Signed into law on 29 May, the new Act is designed to check the illegal arms trade, especially on the island of Mindanao. For the prelates, carrying guns is incompatible with the Christian faith and the Church's religious mission.

Zamboanga (AsiaNews) - Filipino bishops have criticised the new government decree authorising priests and religious, especially in high-risk areas, to carry guns and rifles. For the prelates "going around with weapons, even in self-defence, is incompatible with the Christian faith."

"The missionaries are by definition non-violent and are protected by holy angels, not weapons," said Mgr Arturo Bastes, bishop of Sorgoson. Mgr Honesto Ongtioco, bishop of Cubao (Quezon City), agrees. "As priests," he explained, "our vocation and our role in the transformation of society are different from those of secular activists. We must be concerned about our mission among the faithful, not for our own safety."

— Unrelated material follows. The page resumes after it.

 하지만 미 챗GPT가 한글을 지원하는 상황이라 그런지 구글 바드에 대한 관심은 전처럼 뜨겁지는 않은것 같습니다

Signed by the president on 29 May, the Comprehensive Firearms and Ammunition Regulation Act makes it easier for activists, journalists, doctors and religious leaders to carry weapons. The latter are often the victims of kidnapping, summary executions and robberies by groups of terrorists or criminals.

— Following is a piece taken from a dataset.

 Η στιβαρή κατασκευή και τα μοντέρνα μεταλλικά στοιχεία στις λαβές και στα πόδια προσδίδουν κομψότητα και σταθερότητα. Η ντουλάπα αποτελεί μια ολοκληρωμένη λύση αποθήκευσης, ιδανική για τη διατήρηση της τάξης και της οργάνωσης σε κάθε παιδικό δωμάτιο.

The decree applies only to some parts of the country, most notably Sulu and Basilan provinces (Mindanao), which are strongholds of the Islamic extremist group Abu-Sayyaf.

Sources in Mindanao told AsiaNews that the law "is designed primarily to check the illegal arms trade, which has the island as one of its hubs." Adding the religious to the list is a way of inviting all those who operate in those areas to travel with caution. However, "it is a sign of insecurity that prevails in some areas of the country, where not even priests, who work for peace, are spared the violence of criminal groups."

For several years, the authorities have tried to get bishops and foreign missionaries working in Mindanao to accept armed escorts when they receive threats from extremist groups or criminals.

Religious have tended to turn down the offer because "Travelling with armed soldiers limits their testimony amid the people who face such dangers every day as a result of more than 40 years of war between the Filipino army and Islamic rebels," sources told AsiaNews, confirming what Filipino bishops said.

In recent years, several priests and religious have been murdered or abducted by criminal gangs or terrorist groups.

The most recent case was that of Fr Fausto Tentorio, 59, a missionary with the Pontifical Institute for Foreign Missions (PIME) in Arakan Valley (Mindanao), who was gunned down on 17 October 2011.

He was the third PIME missionary murdered in the Philippines. The other martyrs were Fr Tullio Favalli killed in 1985 in the Diocese of Kidapawan, and Fr Salvatore Carzedda, who was involved in talks with Muslims, murdered in 1992 in Zamboanga. (S.C.)